__Items from a data source__:
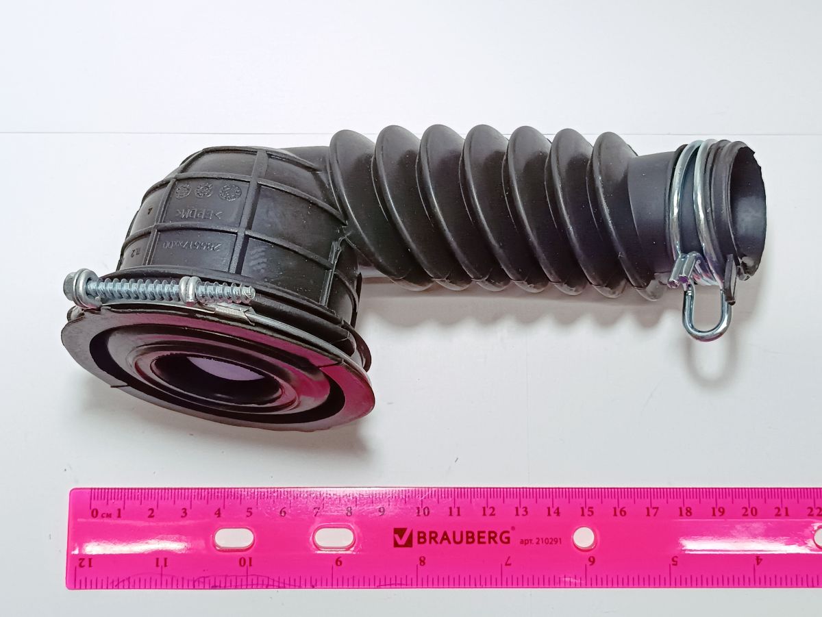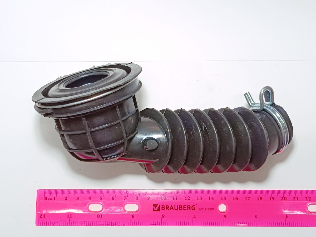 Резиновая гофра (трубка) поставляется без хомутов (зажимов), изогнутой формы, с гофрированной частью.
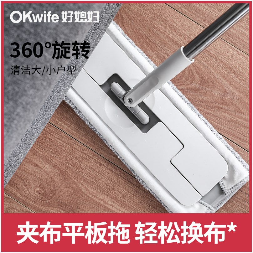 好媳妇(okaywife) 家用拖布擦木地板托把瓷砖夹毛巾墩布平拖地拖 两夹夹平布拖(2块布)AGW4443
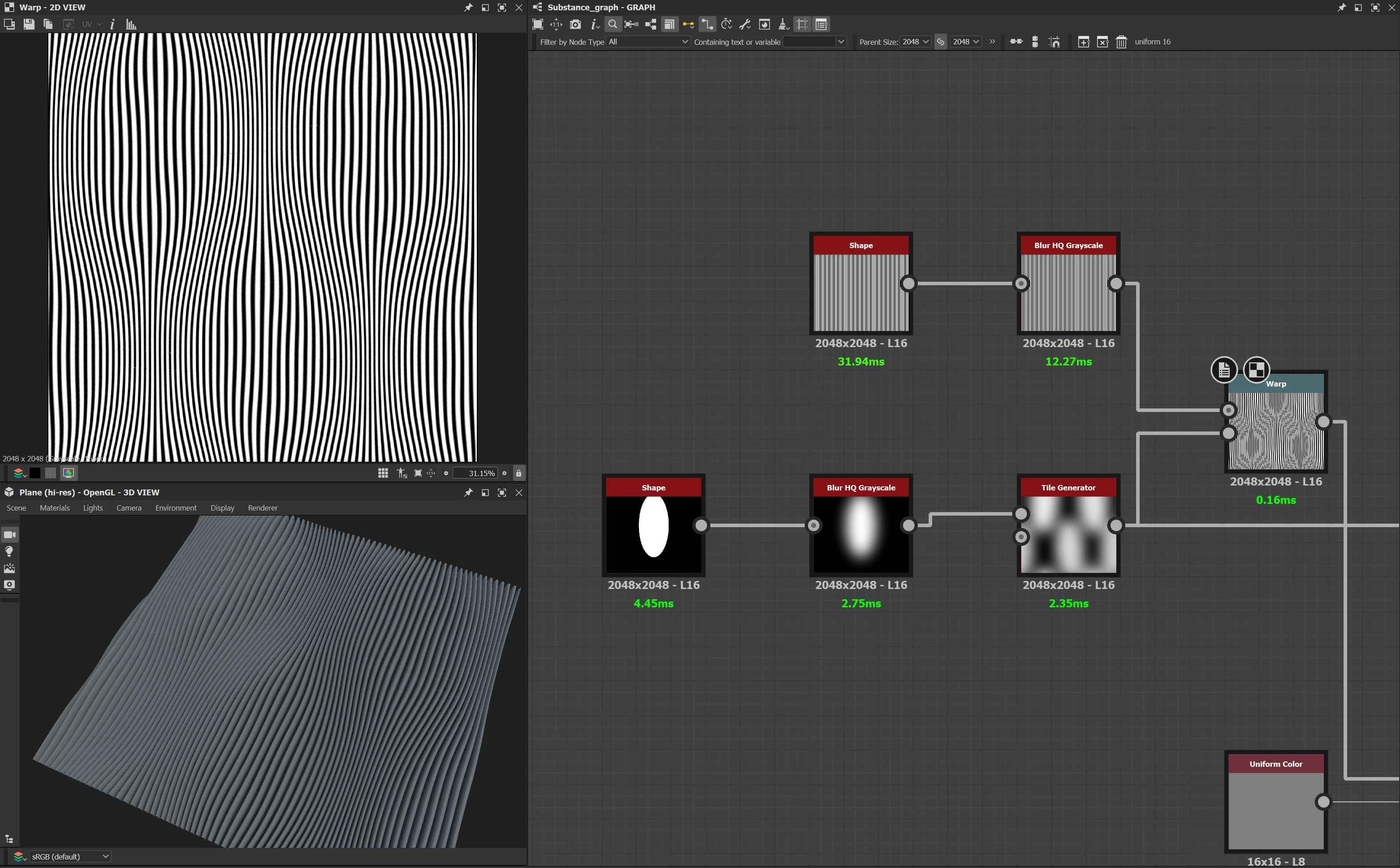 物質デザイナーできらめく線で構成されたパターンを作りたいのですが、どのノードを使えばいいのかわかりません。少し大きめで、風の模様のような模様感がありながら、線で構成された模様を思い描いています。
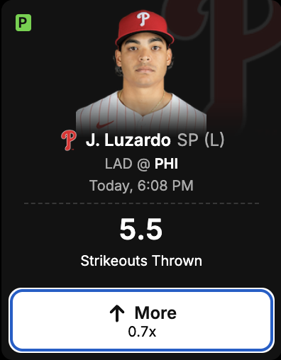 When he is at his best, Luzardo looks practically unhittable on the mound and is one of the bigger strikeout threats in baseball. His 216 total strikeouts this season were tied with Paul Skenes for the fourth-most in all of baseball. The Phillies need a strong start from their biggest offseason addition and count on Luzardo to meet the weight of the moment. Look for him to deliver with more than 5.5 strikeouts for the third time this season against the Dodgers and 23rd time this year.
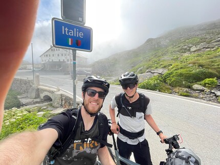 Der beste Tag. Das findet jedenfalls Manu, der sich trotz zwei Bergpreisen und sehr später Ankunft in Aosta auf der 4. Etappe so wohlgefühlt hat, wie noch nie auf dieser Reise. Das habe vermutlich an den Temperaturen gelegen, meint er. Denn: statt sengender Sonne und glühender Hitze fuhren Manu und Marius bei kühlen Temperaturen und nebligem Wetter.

__About this exercise__:
After dropping every picture, transcribe each entry exactly.

__Exercise solution__:
 Резиновая гофра (трубка) поставляется без хомутов (зажимов), изогнутой формы, с гофрированной частью.
 好媳妇(okaywife) 家用拖布擦木地板托把瓷砖夹毛巾墩布平拖地拖 两夹夹平布拖(2块布)AGW4443
 物質デザイナーできらめく線で構成されたパターンを作りたいのですが、どのノードを使えばいいのかわかりません。少し大きめで、風の模様のような模様感がありながら、線で構成された模様を思い描いています。
 When he is at his best, Luzardo looks practically unhittable on the mound and is one of the bigger strikeout threats in baseball. His 216 total strikeouts this season were tied with Paul Skenes for the fourth-most in all of baseball. The Phillies need a strong start from their biggest offseason addition and count on Luzardo to meet the weight of the moment. Look for him to deliver with more than 5.5 strikeouts for the third time this season against the Dodgers and 23rd time this year.
 Der beste Tag. Das findet jedenfalls Manu, der sich trotz zwei Bergpreisen und sehr später Ankunft in Aosta auf der 4. Etappe so wohlgefühlt hat, wie noch nie auf dieser Reise. Das habe vermutlich an den Temperaturen gelegen, meint er. Denn: statt sengender Sonne und glühender Hitze fuhren Manu und Marius bei kühlen Temperaturen und nebligem Wetter.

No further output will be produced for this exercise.